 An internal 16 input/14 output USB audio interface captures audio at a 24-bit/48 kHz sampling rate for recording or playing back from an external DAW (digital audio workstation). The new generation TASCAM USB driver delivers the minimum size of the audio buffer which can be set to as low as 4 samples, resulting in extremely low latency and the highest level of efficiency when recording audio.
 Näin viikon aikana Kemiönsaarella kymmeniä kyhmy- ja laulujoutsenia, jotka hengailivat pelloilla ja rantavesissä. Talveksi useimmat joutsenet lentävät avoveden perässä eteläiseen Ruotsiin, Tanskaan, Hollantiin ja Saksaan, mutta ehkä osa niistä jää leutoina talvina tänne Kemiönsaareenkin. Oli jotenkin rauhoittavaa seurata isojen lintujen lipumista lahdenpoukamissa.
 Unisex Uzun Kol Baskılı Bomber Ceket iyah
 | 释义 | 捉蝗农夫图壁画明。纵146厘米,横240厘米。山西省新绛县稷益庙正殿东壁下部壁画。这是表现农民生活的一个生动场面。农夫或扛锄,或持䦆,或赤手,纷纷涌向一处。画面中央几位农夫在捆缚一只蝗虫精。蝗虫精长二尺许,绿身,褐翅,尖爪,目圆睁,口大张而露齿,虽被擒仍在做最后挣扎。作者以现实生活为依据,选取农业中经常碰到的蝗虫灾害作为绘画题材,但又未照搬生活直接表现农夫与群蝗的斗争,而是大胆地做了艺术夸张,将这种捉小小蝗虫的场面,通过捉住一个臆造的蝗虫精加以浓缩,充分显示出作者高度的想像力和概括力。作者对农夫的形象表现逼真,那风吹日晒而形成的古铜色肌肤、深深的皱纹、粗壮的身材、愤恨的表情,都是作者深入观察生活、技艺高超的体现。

◆ ◆ ◆ ◆

* Activity *
Exactly as they stand, restate all the lines of the listing.

* Response area *
 An internal 16 input/14 output USB audio interface captures audio at a 24-bit/48 kHz sampling rate for recording or playing back from an external DAW (digital audio workstation). The new generation TASCAM USB driver delivers the minimum size of the audio buffer which can be set to as low as 4 samples, resulting in extremely low latency and the highest level of efficiency when recording audio.
 Näin viikon aikana Kemiönsaarella kymmeniä kyhmy- ja laulujoutsenia, jotka hengailivat pelloilla ja rantavesissä. Talveksi useimmat joutsenet lentävät avoveden perässä eteläiseen Ruotsiin, Tanskaan, Hollantiin ja Saksaan, mutta ehkä osa niistä jää leutoina talvina tänne Kemiönsaareenkin. Oli jotenkin rauhoittavaa seurata isojen lintujen lipumista lahdenpoukamissa.
 Unisex Uzun Kol Baskılı Bomber Ceket iyah
 | 释义 | 捉蝗农夫图壁画明。纵146厘米,横240厘米。山西省新绛县稷益庙正殿东壁下部壁画。这是表现农民生活的一个生动场面。农夫或扛锄,或持䦆,或赤手,纷纷涌向一处。画面中央几位农夫在捆缚一只蝗虫精。蝗虫精长二尺许,绿身,褐翅,尖爪,目圆睁,口大张而露齿,虽被擒仍在做最后挣扎。作者以现实生活为依据,选取农业中经常碰到的蝗虫灾害作为绘画题材,但又未照搬生活直接表现农夫与群蝗的斗争,而是大胆地做了艺术夸张,将这种捉小小蝗虫的场面,通过捉住一个臆造的蝗虫精加以浓缩,充分显示出作者高度的想像力和概括力。作者对农夫的形象表现逼真,那风吹日晒而形成的古铜色肌肤、深深的皱纹、粗壮的身材、愤恨的表情,都是作者深入观察生活、技艺高超的体现。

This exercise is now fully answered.